„Wenn wir in Deutschland nicht ganz schnell die Kurve kriegen, dann schaffen wir uns wirtschaftlich ab“
Ein Weckruf von Constantin Buschmann
Ich höre gerne Podcasts, sie sind fester Bestandteil meines Alltags. Ob beim Kochen, Aufräumen oder unter der Dusche: meistens läuft eine Podcastfolge nebenher, der ich gespannt lausche. Mein Geschmack ist breit gefächert – von politischen Kommentaren über Business-Themen bis hin zu reiner Unterhaltung ist alles dabei.

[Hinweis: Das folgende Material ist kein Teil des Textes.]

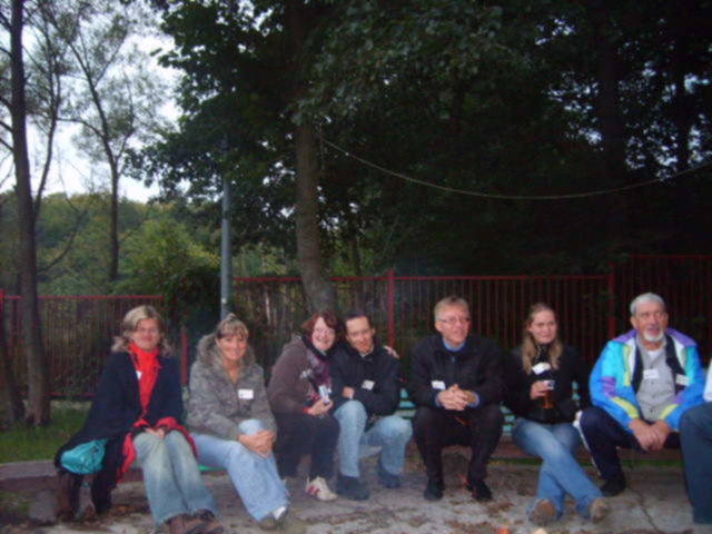 Dorzucam do Twoich zdjęć, Basiu, na razie jedno moje. Od lewej: z fajką - Andrzej, Połówek Elek, w okularach i żółtej bluzie - Charlie, mąż Marylki, luckystar w niebieskiej bluzeczce - luckystar, Marylka z brodą, obok Marylki - Janek w czarnym sweterku - ja, czyli Aleex za mną, widać tylko twarz - kropeczka, czyli Zosia, w żółtej bluzie z czarnym pasem - Marek, mąż kropeczki / Zosi w brązowym żakieciku z aparatem - Ela, kuzynka Baśki w beżowej kurteczce, tyłem - Baśka w szarym swetrze, oparty o balustradę - lajan.

Am liebsten höre ich allerdings lange und intensive Interviews mit spannenden Persönlichkeiten. Diese Gespräche erweitern den Horizont, inspirieren mich und geben oft wertvolle Impulse. Besonders gerne höre ich Interviews bei Hotel Matze und {ungeskriptet} – zwei Podcasts, die ich wirklich sehr mag.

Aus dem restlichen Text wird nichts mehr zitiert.